Susana era del mismo parecer que Pedro. Temía que la broma se convirtiese en algo más serio y lamentó mucho que Claudio Roig, el aparejador, hablando de la cuestión, le dijera a Laureano, sin duda con la mejor intención: «A ti lo que te ocurre es que quieres tener tu propio nombre, y no ser simplemente el hijo de Julián Vega. Es decir, lo mismo que le ocurre a Marcos Subirachs».
Fue éste un argumento al que en principio Laureano apenas si prestó atención, pero que poco a poco había de abrir brecha en él. Sin embargo, en medio de los sueños se imponía la realidad. ¿Cómo empezar? Narciso Rubio lo azuzaba. «Podríamos empezar tú y yo, ensayando durante unos meses —quizá, en el Kremlin— y luego procurando tocar en alguna sala de fiestas. ¡Claro que convencer a tu familia…! Yo en ese aspecto no tengo problema».
Laureano, que aquel año tenía que irse a Milicias, pensó que tendría tiempo para decidir la cuestión. No quería dar un paso en falso y la imagen de sus padres lo obsesionaba. Margot, al oír la guitarra eléctrica había dicho simplemente: «Prefiero la otra». No obstante, el muchacho estaba cada vez más convencido de que el móvil era auténtico, de que él sentía verdaderamente aquella música, como la sentía Carol al ponerse a bailar. Mosén Rafael tomó una actitud acorde a su temperamento: «Podría ser, podría ser… Esa nueva música es un grito, cara al futuro, que significa muchas cosas. ¿Has oído a Joan Baez cantando folk? ¡Vaya letras! La llaman “La Madona de los desheredados”. Ahora bien, tienes que estar muy seguro de ti. Vete a Milicias. Allí te dará tiempo a probarte a ti mismo y a probar tus facultades».
También Sergio opinó sobre el particular, con ocasión de coincidir en el Kremlin con Narciso Rubio y con él. Era un domingo por la tarde. A lo primero Laureano encontró solo al «batería» ensayando, ensayando con los palillos y el bombo. Pocos minutos después llegó Sergio, que ya había terminado Derecho y se proponía instalarse en París, o por lo menos pasar allí largas temporadas, en compañía de Giselle.
Narciso Rubio cesó de meter ruido y Laureano y Sergio hablaron de muchas cosas. A Sergio le dio por empezar abordando una vez más el tema de la libertad. Según él, había muchas clases de libertad, y no únicamente «el hacer lo que a uno le diera la gana», que era lo que pretendían la mayoría de muchachos todavía sin destetar.

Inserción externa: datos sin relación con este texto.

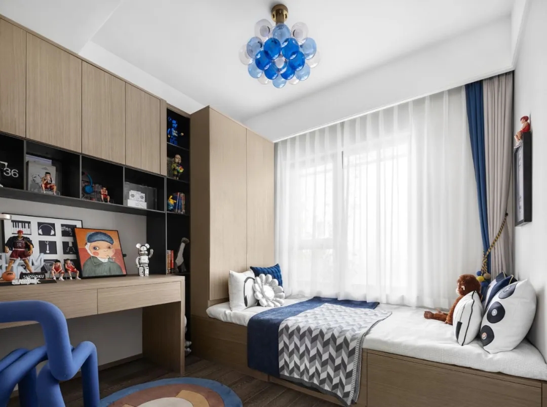 兒童房以明亮的藍色與暖橙相互碰撞,空間中融入收藏手辦的興趣愛好,放置玩具收納柜,為小主人留有足夠的玩耍收納空間。柜內各式玩具與書籍,前方櫻木花道公仔迎光而立,好似一個奮發向上的少年,身后承載著的是夢想,而夢想在閃閃發光。
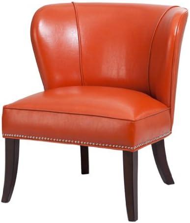 This accent chair showcases a striking tangerine faux leather upholstery that adds a contemporary flair to any room. Constructed from a durable combination of solid hardwood and plywood, it promises longevity and reliable support. The high-density foam cushions provide the perfect balance of firmness and comfort, making it an ideal choice for relaxation, whether you prefer curling up with a book or enjoying a movie. With a seat dimension of 27″W x 20″D and a total capacity of 250lbs, this chair can accommodate various needs without sacrificing style.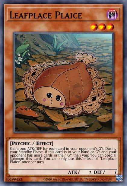Gains 200 ATK/DEF for each card in your opponent’s GY. During your Standby Phase, if this card is in your hand or GY and your opponent has more cards in their GY than you: You can Special Summon this card. You can only use this effect of “Leafplace Plaice” once per turn.

Existía la libertad física —un prisionero no era libre—, la libertad civil —los esclavos no eran libres—, la libertad política —los países colonizados no eran libres—, etcétera. Pero la libertad más importante, y de la que menos se hablaba, era la de poder decidir, y decidir a través del discernimiento: en otras palabras, la libertad «psicológica», que no podía ser fruto ni de la imposición, ni del azar, ni del apasionamiento, ni del metabolismo, sino del gobierno de la razón. En la sociedad capitalista tal libertad era imposible, por cuanto el bombardeo de solicitaciones obligaba al individuo a trabajar cada día más para ganar más y gastar más y consumir productos ideados por otros.

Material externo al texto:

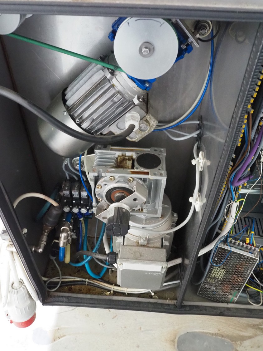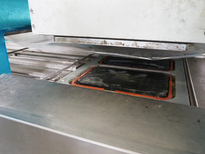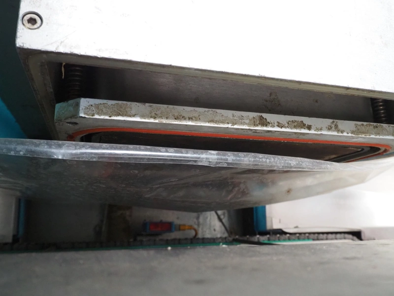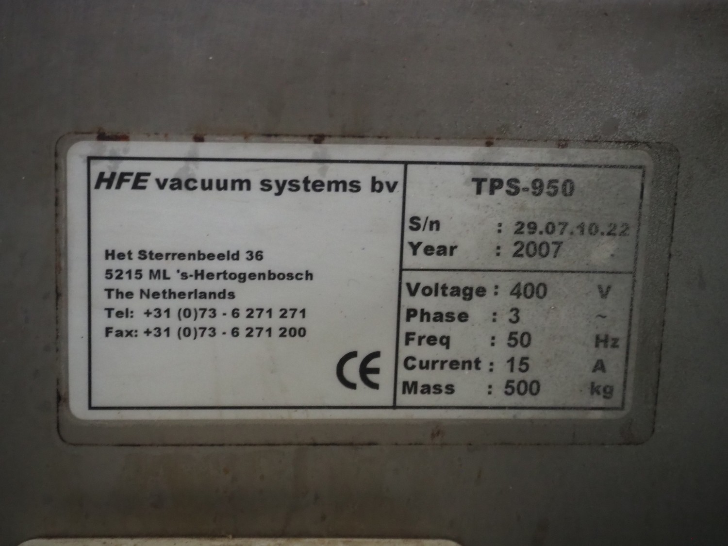 Henkovac traysealer, model: TPS-950, serial number: 29.07.10.22, year of construction: 2007, 400 V, 3 Ph, 50 Hz, 15 A, weight: 500 kg, dimensions dyes: (2x) 250 mm x 165 mm, outfeed roller conveyor, roller width: 490 mm, total dimensions: 2650 mm x 1040 mm x 1400 mm. Missing cover.

Laureano estuvo a punto de replicarle que en la sociedad marxista se sufría de un bombardeo todavía peor: las consignas, o la obligación de obedecer bajo amenaza de traslado a Siberia o de un tiro en la nuca, pero he aquí que Narciso Rubio, que rabiaba por hablar con alguien del embrionario proyecto de su amigo de convertirse en «cantante», le contó a Sergio el trauma que les había producido el éxito de los Beatles y todo lo que habían rumiado a raíz de ello; lo único que se calló fue que la prueba más conspicua la hubiera realizado en una sacristía.
Sergio, que siempre se sentaba en un taburete junto a la rueda de carro, cerca de la pecera con monedas dentro, pareció sentirse a sus anchas.
—Sí, eso de los Beatles es algo serio. En el fondo, protestan; entretanto, ganan millones y millones de libras esterlinas. Tal vez pudiera aplicarse a ellos el título de esa película «Hijos de Marx y de la Coca-Cola». No sé en qué parará todo eso, pero en estos momentos hay decenas de millares de muchachos como vosotros que aspiran a imitarlos. No sé qué deciros. Os bloquean las concupiscencias. Creo que lo que os convendría sería continuar con la arquitectura y abandonar todo lo demás. Un edificio siempre parece más sólido que una guitarra, sobre todo si ésta es eléctrica. Claro, me preguntaréis por qué yo quiero irme a París a hacer cine —aquí, con la censura, es imposible—, en vez de entrar en la Agencia Hércules o de hacerme pasante de un sólido abogado; nuestros casos son distintos. Yo tengo, ya lo sabéis, un ideal, y un ideal proyectado hacia los demás; a vosotros os tienta, por un lado, satisfacer una necesidad instintiva, la nueva música; por otro lado, un triunfo personal lo más espectacular posible.
Laureano lo interrumpió.
—No olvides que todo esto son lucubraciones… Lo mismo podíamos haberte hablado de que queríamos actuar en una de tus películas…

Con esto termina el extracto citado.